Eq 1: (1/8 + 1/16 + 1/32)*V1 + (-1/8)*V2 + (0)*V3 + (-1/32)*Vo = 6/16
Eq 2: (-1/8)*V1 + (1/8)*V2 + (0)*V3 + (0)*Vo = 0
Eq 3: (0)*V1 + (0)*V2 + (1/10 + 1/10)*V3 + (-1/10)*Vo = 0
Eq 4: (0)*V1 + (1)*V2 + (-1)*V3 + (0)*Vo = 0

All the coefficients in parenthesis form the elements of a matrix. I left the terms like (0)*V3 in there to serve a place holders.

What calculator are you using?

 

Hallelujah! If I hadn't of already fallen from a few churches, I'd go back today! I finally got it, but how come I wasn't solving for Vo which is what I was trying to do?

I need to get something to eat and allow my brain to cool before I begin with the Rth.

Thanks bunches!

Why would you want to solve for Vo? The problem didn't ask for that; it asked for the current i in the 4 ohm resistor, and you don't need to know Vo to get that. The solution to the 4 equations does give you Vo, as well as V1, V2 and V3, but only V2 is really needed to get Vth; the others are incidental to your real problem!

Instead of worrying individually about where the currents are going, or what voltage as one point affects some other voltage, you should just concentrate on getting the node equations right. Then everything will be solved for.

It's really easy at this point. Two tiny changes in the 4 equations and you have Rth.

What you have to do is set the battery voltage to zero, and inject a 1 amp current at V2.

It would help avoid confusion if you would keep the four equations in a list like this and see if you can show the two necessary changes (show the changes in red for clarity):

Eq 1: (V1-6)/16 + (V1-V2)/8 + (V1-Vo)/32 = 0
Eq 2: (V2 - V1)/8 = 0
Eq 3: (V3-Vo)/10 + V3/10 = 0
Eq 4: V2 - V3 = 0

 

The reason I ask about Vo is because I'd really like to know if what I have for it is correct and only because the gentleman earlier gave me the five equations and I was trying to work them together as he did yours and his.
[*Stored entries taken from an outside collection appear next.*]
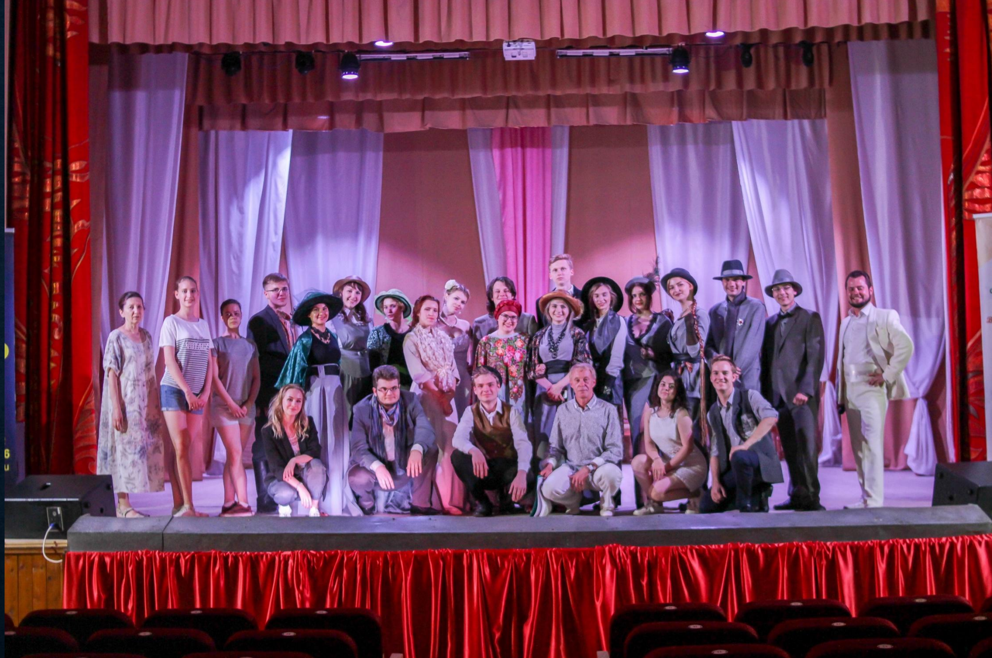
«Чацкий. Возвращение в Москву», Красный, 7 июня 2019г.
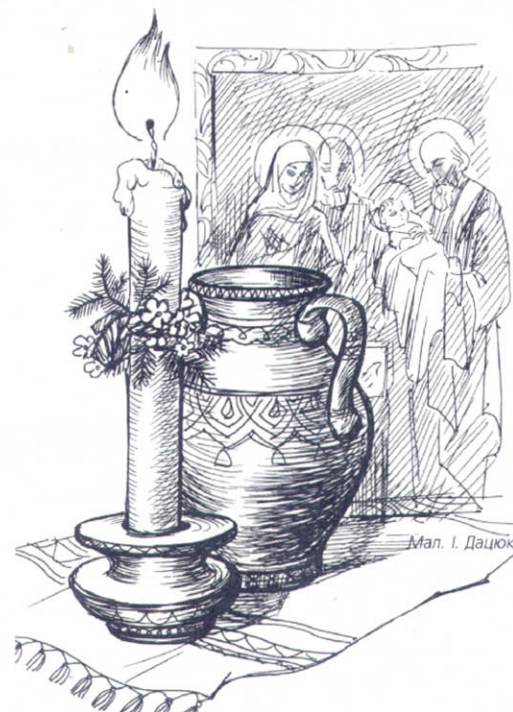
Мал. І. Дацюк

Окрім урочистої Служби Божої, на честь Стрітення у церквах святять воду і свічки-громниці. Здавна їх вважали помічними від грому. Крім того, ці свічки колись давали у руки померлим, коли читали відхідну. Свічка символізує нерозривність земного світу й небесного.
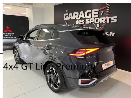
Kia - Sportage 1.6 T-GDi 265ch ISG Hybride Recharge Die BVA6 4x4 GT Line Premium
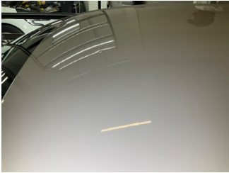
Tavan, Tavan > Dolu Hasarı
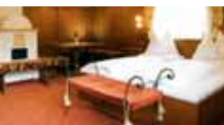
Suite Bergkristall (ca. 35 m 2 )

NEU: Tiefgarage 10 Euro/Tag (200m entfernt)

But, I can't do his, but I can do yours - now. I guess I'm not sure why or how I can solve for a portion of the circuit (and yes, I know I'm only interested in one spot and that may be incidental to you, but I'm trying to understand this.)

Does the current source have to be 1A, can it be 1mA? Also, does it have to be drawn in the direction you show or does it make a difference if the current is pointing away from V2?

I'll work on the balance in a moment.

So, what you're saying is for me to use Nodal, again, to find Rth. But I thought to find Rth, all sources had to be removed?

One other question, since I'm looking for the current at the 4 Ohm resistor, would it have been good to use Norton?